For what it is worth, I offer you an impression of Elsie Palmer's personality.
E. M. D. August, 1923.
"Elsie, I've told you before, I won't have you going with boys."
"I don't, mother."
"Yes, you do. And don't contradict. Surely to goodness you're aware by this time that it's the height of bad manners to contradict. I've taken trouble enough to try and make a lady of you, I'm sure, and now all you can do is to contradict your mother, and spend your time walking the streets with boys."
"Mother, I never."
"Now don't tell lies about it, Elsie. Mother knows perfectly well when you're telling a lie, and you don't take her in by crocodile tears either, my lady. Don't let me have to speak to you again about the same thing, that's all."
Elsie began to cry, automatically and without conviction. "I'm sure I don't know what you mean."
"Yes, you do, miss. I mean Johnnie Osborne, and Johnnie Osborne's brother, and Stanley Begg and the rest of them. Now, no more of it, Elsie. Go and give the girl a hand with washing up the tea-things, and hurry up."
Elsie went away, glad that it was so soon over. Sometimes mother went on for ages. Thank the Lord she was busy to-day, with two new paying guests coming in. As she went past the drawing-room door Elsie looked in.
"Hallo, Little girl!"
"Hallo, Mr. Roberts! Can't stay, I've to go and help the girl wash up or something."
"You've been crying!"
"I haven't, then!" She went further into the room and let him see the downward droop of her pouting mouth and her wet eyelashes. She had not cried hard enough to make her nose turn red.
"I say, what a shame! What have they been doing to
"Oh, nothing. Mother's on the warpath, that's all. It isn't anything."
"How rotten of her! Fancy scolding you! I thought you were always good, Elsie."
"And who said you might call me Elsie, if you'll kindly answer me that, Mister Impertinence?"
She shook her short, bobbing curls at him and laughed, suddenly good-tempered.
"You witch! Elsie, shall you miss me a tiny bit when I'm gone?"
"Oh, you're going, are you?" She pretended to consider. "Let me see, there's a single gentleman coming, who'll have your room, and a married lady and gentleman for the front bedroom. I don't really suppose, Mr. Roberts, there'll be time to miss you much, with the house full like that." She looked innocently up at him.
"Little devil!" he muttered between his teeth, causing her to thrill slightly, although she maintained her pose of artlessness without a visible tremor.
"Who's the bounder who's going to have my room after to-night?"
"Mis-ter Roberts!" She affected a high key of indignation. "He isn't a bounder. You know very well that mother's awfully particular. She wouldn't take anyone without he was a perfect gentleman in every way. Now I can't wait another minute. I should get into an awful row if mother caught me here."
"What's the harm? Don't run away, Elsie. Just tell me this : are you coming to the pictures to-night— for the last evening?"
"Oh, are you going to take me and Geraldine?
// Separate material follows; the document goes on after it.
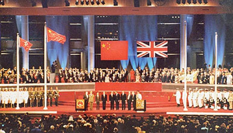 1997年7 月1日,香港回归祖国中英政权交接仪式。

I don't suppose Geraldine'll be able to—she's ill."
"Can't we go without her?"
"Mother wouldn't let me."
"Well, look here, Elsie—come without telling anyone. Do, just for the lark. I swear I'll take the greatest care of you."
"Oh, how could I? Besides, mother'd want to know where I was."
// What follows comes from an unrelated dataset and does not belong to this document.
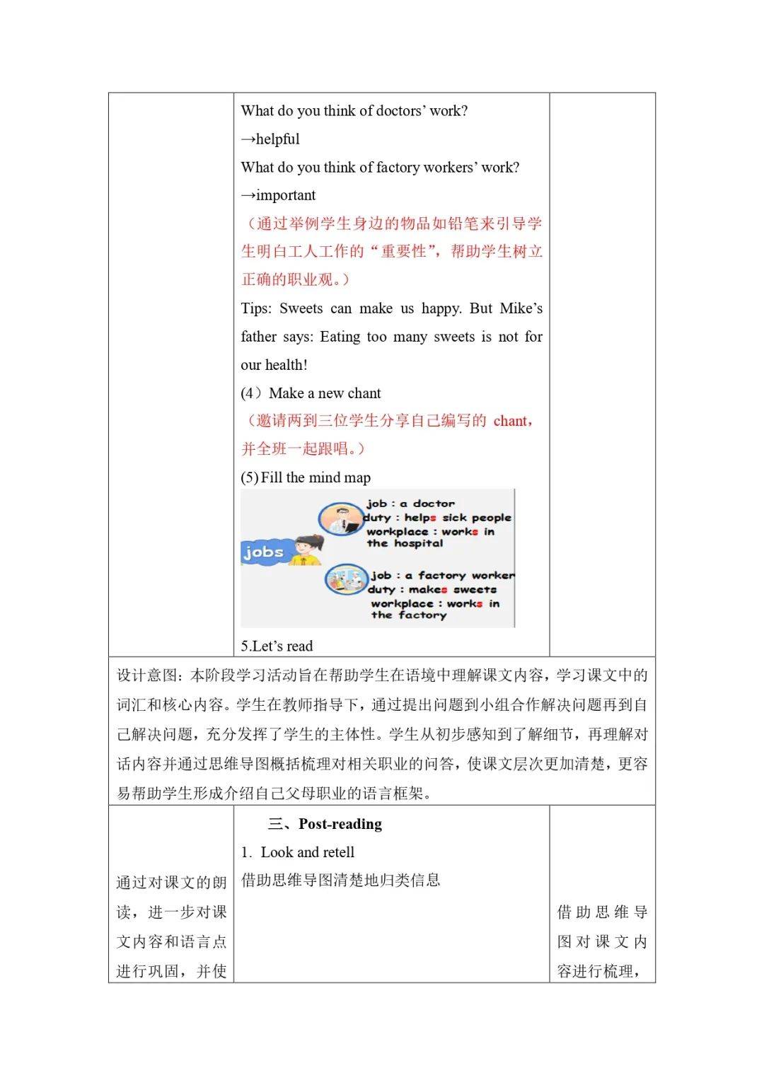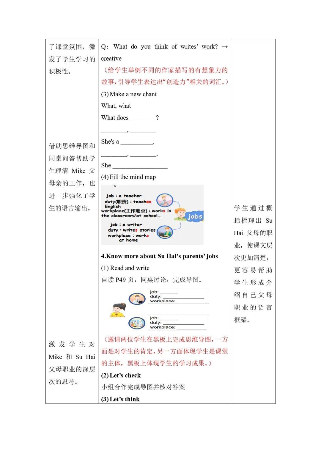 在本课时的教学过程中,潘老师深刻围绕“职业”主题为学生提供了真实的情境,在讨论到文本中父母的职业时,潘老师对教材内容做了细致的处理,不仅梳理了文本内容,还就不同职业在实际生活中存在的意义与学生进行探讨,充分链接了现实生活,让学生感悟每一种职业都有不同的意义、都是伟大的。在课堂的最后又重新联系课前阅读的绘本,让学生在了解更多职业的名称的同时也更深刻体会本课时的主题,帮助学生形成正确的职业观,在认知思维上有所提升。

"Can't you say you're going somewhere with that eternal friend of yours—that Irene Tidmarsh girl, or whatever her name is?"
"I'll thank you to remember you're speaking of a friend of mine, Mr. Roberts. And the idea of suggesting I should do such a thing as deceive my mother! Why, I'm surprised at you!"
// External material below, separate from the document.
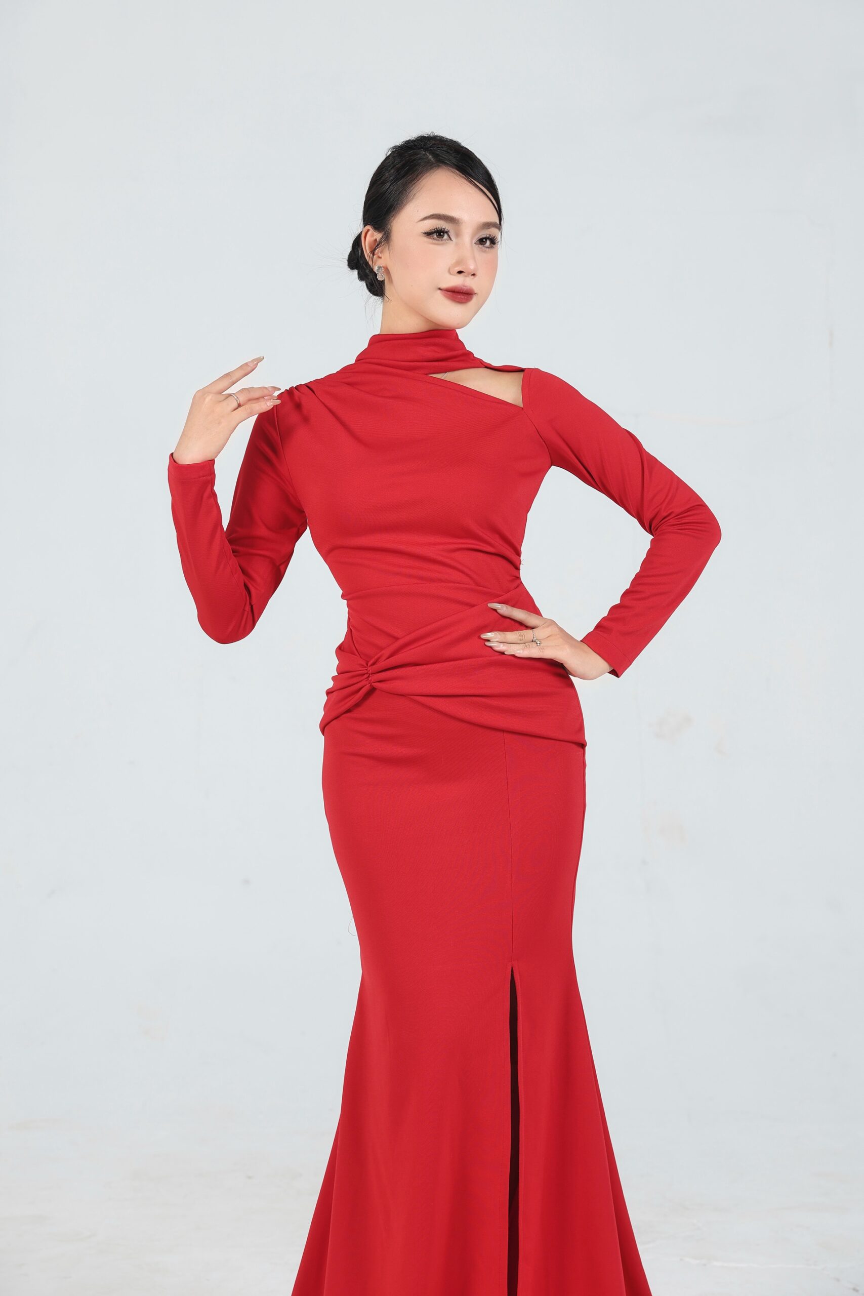 Váy dạ hội đỏ dài tay

"Don't rot, Elsie. Say you'll come. Slip out after supper, and meet me at the bottom of the road. There's a jolly good programme on at the Palatial."
"I hope you'll enjoy the pictures, Mr. Roberts," said Elsie demurely. She sidled backwards to the door.
"I shall wait for you—eight o'clock sharp."
"Don't catch cold waiting," she mocked.
"Look here, kid"
"That's mother! She'll skin me alive, if I give her half a chance!" She flew out into the hall and down the passage to the kitchen.
The servant Nellie was there, and Elsie's sister Geraldine.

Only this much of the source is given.